Adapted from: Moser M and Becker B. _Week by Week to a Strong Heart_. Emmaus, Pa.: Rodale, 1992.


----------



## kitchenelf (Jun 9, 2005)

Moved to General Cooking Questions forum 

Those are some good ideas jkath. This came from a low sodium cooking site - might be a good place for you to surf Low Sodium Cooking

 This recipe come from subscriber Bridget, who says "This sauce works for EVERYTHING. Not only can you use it just like soy sauce (and with wasabi added, it's great with sushi!), but the garlic flavor makes it more versatile. It's a great teriyaki-type marinade. Add a little cornstarch and you have a brown stir-fry sauce for Chinese food. Throw a couple of tablespoons in with 3 cups water, 2 packets of Herb-Ox low sodium chicken bouillon, 2 oz. salt-free Chinese noodles (or angel-hair pasta), dried minced onion and some cayenne, and you have Chinese noodle soup (a favorite of mine). Add vegetables and/or meat to dress it up. You can also make a delicious salad dressing with 3 parts soy and 1 part sesame oil." I haven't tried all those ideas (yet), but I was impressed by the ones I have tried. 

                    1 3/4 c  Garlic Vinegar
      5 T  Blackstrap Molasses
      1 T  Onion Powder
    1/4 t  Ground Ginger



 When the vinegar is ready, remove the garlic cloves with a spoon. Add (taste while adding), onion powder and ginger. Adjust sweetness/tartness to taste by adding more molasses or vinegar. Store in refrigerator (keeps at least a month). Shake before using. 

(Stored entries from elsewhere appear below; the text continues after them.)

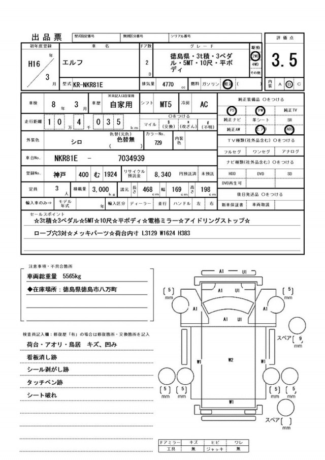 荷台・アオリ・鳥居 キズ、凹み・看板消し跡・シール剥がし跡・タッチペン跡・シート破れ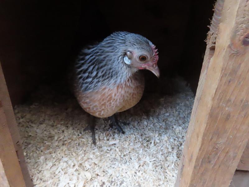 Today Silver laid her second egg, two days after her first egg. I knew she was ready to lay when she started going in the nest box. I thought I would try to get a photo of her in the nest box this time. The first photo I got of her she was standing just inside the nest box.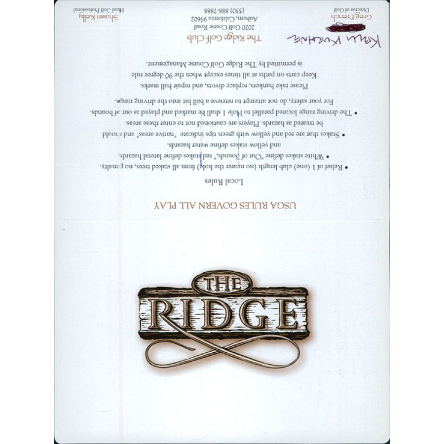 Kelli Kuehne LPGA Golfer Signed The Ridge Golf Club Scorecard JSA Authenticated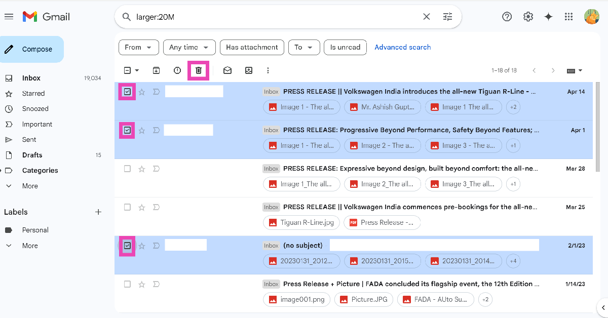 Verwijder e-mails met grote bijlagen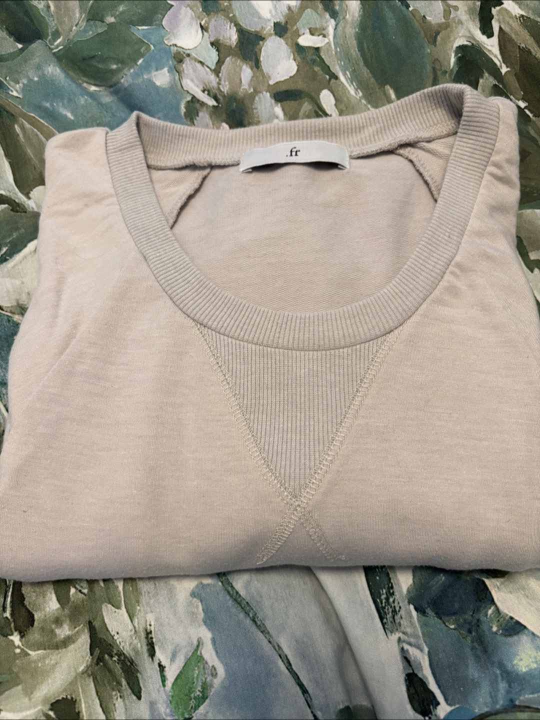 Selling a styling .fr beige long sweatshirt in size M. It's made of 60% polyester, 35% cotton, and 5% polyurethane.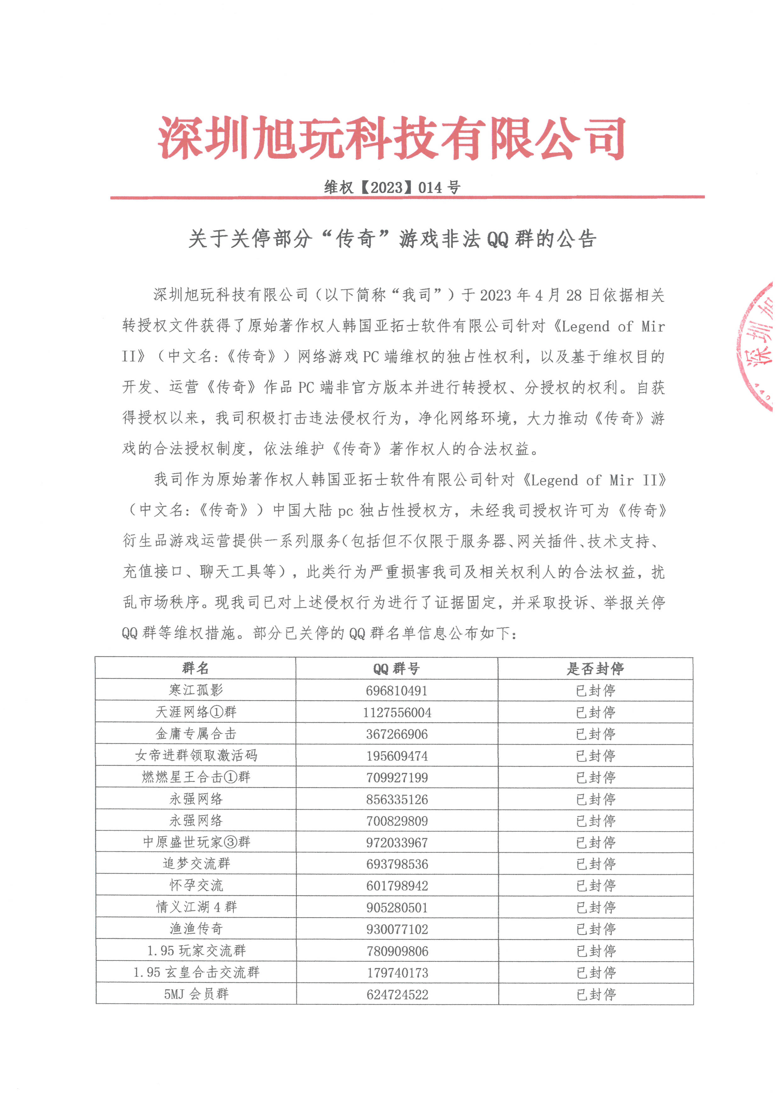 我司作為原始著作權人韓國亞拓士軟件有限公司針對《Legend of Mir II》(中文名:《傳奇》)中國大陸pc獨占性授權方,未經我司授權許可為《傳奇》衍生品游戲運營提供一系列服務(包括但不僅限于服務器、網關插件、技術支持、充值接口、聊天工具等),此類行為嚴重損害我司及相關權利人的合法權益,擾亂市場秩序?,F我司已對上述侵權行為進行了證據固定,并采取投訴、舉報關停QQ群等維權措施。部分已關停的QQ群名單信息公布如下:

                          Yield: 32 Servings



                          Sodium Category: SodiumFree



              Diabetic Exchanges
    0 Starch
    0 Fruit
    0 Milk
    0 Other Carbohydrates
    0 Vegetable
    0 Lean Meat
    0 Very Lean Meat
    0 Fat


                                                                Nutrition Facts                           
                          Serving Size 1 Helping              
Servings Per Recipe 32 Amount Per Serving Calories 10 Calories from Fat 0 % Daily Values * Total Fat 0 gr
                                       Saturated Fat 0 gr
                          Polyunsaturated Fat 0 gr
                    Monounsaturated Fat 0 gr
                                      Cholesterol 0 mg
                  Sodium 2 mg
                       Potassium 95 mg
                   Carbohydrates 3 gr
                                       Dietary Fiber 0gr
                                      Protein 0 gr


----------



## kitchenelf (Jun 9, 2005)

sorry, meant to put this under the Special Diets forum.


----------



## luvs (Jun 9, 2005)

this isn't so very much like soy, but you can use low-sodium herb-ox packets or kikkoman's low sodium soy, although i'm sure that's probably loaded with sodium. read the label first..


----------



## kitchenelf (Jun 9, 2005)

I have a feeling that even the low sodium soy sauce is still too much luvs.  When you are on a low sodium diet for renal issues they mean LOW sodium.  But unlike when I had to go on one in my late teens herbs and herb/spice seasonings have come a long way.  There's lots of flavor out there without salt or with at least lower salts.  I'll have to look into your low sodium herb ox packets - don't know what those are but it sounds interesting.


----------



## jkath (Jun 9, 2005)

Elf! I could kiss you!
I've been searching for a sauce like that!


----------



## Claire (Jun 9, 2005)

Elf, that looks like a winner.  Don't need it at this point, but will pass it on to freinds who might.  The mollassas will give it that "brewed" flavor.


----------



## Dove (Jun 9, 2005)

Thanks Little Elf..I joined and will now get their newsletter.
Dove


----------



## Barbara L (Jun 10, 2005)

I signed up too, thanks.  With kidney stones, I'm also supposed to be eating less salt.  I haven't salted anything in years, but I know I still get too much.  

 Barbara


----------



## lorie (Jun 27, 2005)

Don't know how low you need, but the low sodium tamari I use is 700mg per tablespoon.  Braggs Amino Acids is 660/ tablespoon, according to their label.  It really has the soy sauce flavor.


----------



## kitchenelf (Jun 27, 2005)

jkath said:
			
		

> Elf! I could kiss you!
> I've been searching for a sauce like that!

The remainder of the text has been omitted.